In a few seconds the ‘phone on the other end rattled around again, and I heard Detective Sergeant Lucius speaking, though not into it. “No, Mama, Stevie isn’t a doctor,” he just—please, Mama, go!” There were some unidentifiable protests from the woman, then Lucius again: “Mama! Go!” He took a deep breath and spoke into the phone. “Stevie?”
“Right here.”
“I’m sorry about that. She still doesn’t really understand this thing, and I don’t know that she ever will. What’s going on?”
” I got some news, and I think it’ll save you and Detective Sergeant Marcus some work. Can you collect him and get over here?”
“I can come,” Lucius answered. “I’ve been doing the chemical analysis of the sample I took from the tip of that stick, but I just finished. It is strychnine, by the way. But Marcus is poking around down at headquarters, then going on to the Doctor’s Institute. Why?”
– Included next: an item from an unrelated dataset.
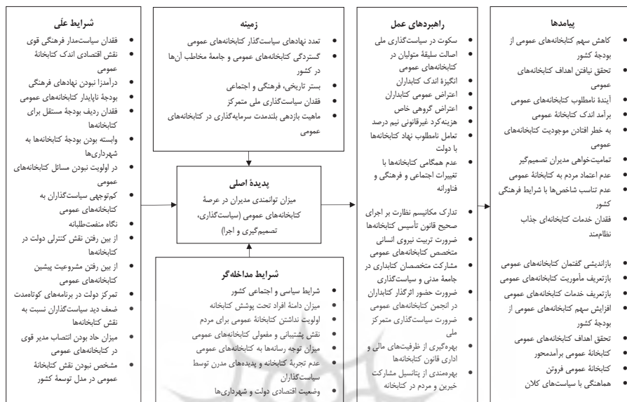
تصویر ۴. مدل پارادایمی میزان توانمندی مدیران در عرصه کتابخانه‌های عمومی

در ادامه، روایتی توصیفی از پدیده مرکزی ارائه می‌شود که به آن «داستان» گفته می‌شود. این داستان سپس در خصوص پدیده مرکزی مفهوم‌سازی می‌شود که هدف آن دست یافتن به «یکپارچگی» است (محمدپور، ۱۳۸۹).

“I think you’d better tell him to come up,” I said. “What I’ve found, it—I think it’s important.”
“Where’s the Doctor?”
“Him and Cyrus went to the museum already. They shouldn’t be too long, though. Can you make it?”
“I’ll get a cab now, and try to intercept Marcus at the Institute.” He yelled away from the telephone again: “No, Mama, that’s the chemicals you’re smelling, there’s nothing to clean—” His voice came back to me. “I’ve got to go before my mother sets herself on fire. See you in half an hour.” The line clicked, and I hung the receiver up.